An always-on service, not a request/response app.

  • Python 3.13 asyncio service, with APScheduler driving every recurring pipeline.
  • python-telegram-bot for both surfaces, with FastAPI/Uvicorn alongside.
  • Pydantic-AI agents over Gemini (via OpenRouter and the Google API) for the token narratives, behind a significance/change gate that suppresses low-information updates.
  • Market and macro data via ccxt / python-binance, CoinGecko, CoinMarketCap, FRED, and yfinance; TA-Lib for indicators; feedparser and Tavily for news and RSS.
  • SQLite for persistence, one table per pipeline.
  • Deployed from a Dockerfile (TA-Lib built from source) as two processes — jobs and telegram — defined in a Procfile.

What works today

  • The scheduler with the full set of recurring jobs, and a private bot with working handlers — report, news, state, portfolio, summary, export, manual run, market analysis, push, and help.
  • Multi-timeframe technical analysis, a rule-based state classifier, RSS sentiment ingestion and summarization, a unified narrative service, insight generation, and a trading-signal validator.
  • A long-term metrics subsystem with collectors across Binance, CoinGecko, CoinMarketCap, FRED, yfinance, and sentiment, plus cycle, correlation, and aggregation calculators.
  • Public-channel chart rendering and centralized message formatting that respects Telegram's message-splitting and photo-caption limits, with a test suite over the TA, charts, move-alert policy, formatting, and insight components.

What I learned

What the build settled, ahead of any signal-quality data:

  • The fact/verdict separation only holds if it is enforced in code.
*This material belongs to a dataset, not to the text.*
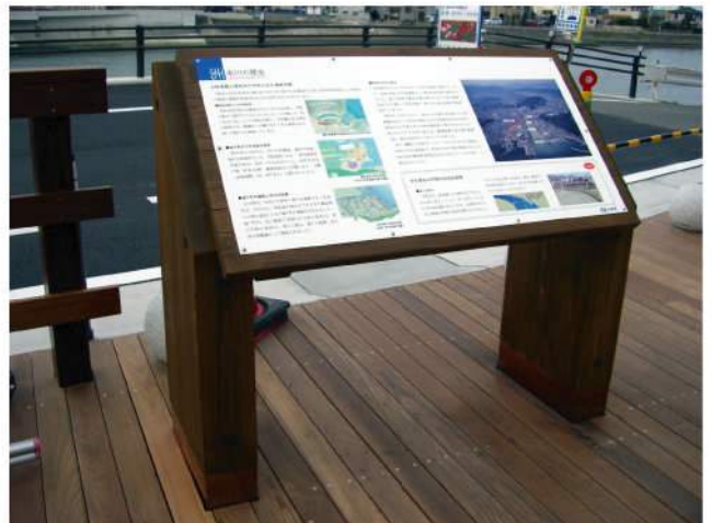
本体：木 印刷：スーパーカラーR+ABコート

On an always-on system, editorial discipline fails; a routing rule does not.
  • A significance/change gate is what keeps a continuous feed from becoming noise — emit a narrative only when something has actually moved.
  • One pipeline feeding two surfaces is efficient, but it couples the whole system to a long list of external APIs and two persistent processes. That coupling is the real cost of the design.
  • Discipline about what to publish is not the same as proven signal quality — which is exactly what the project still cannot show.

Limitations and what's next

What the repository does not show is whether any of it is right. There is no measure of signal accuracy, alert precision, or narrative quality, and no audience data for the public channel.

The configuration is also still moving: the model layer carries commented-out alternatives, and there are legacy tables and an in-progress long-term-metrics plan — signs of a system being tuned rather than settled.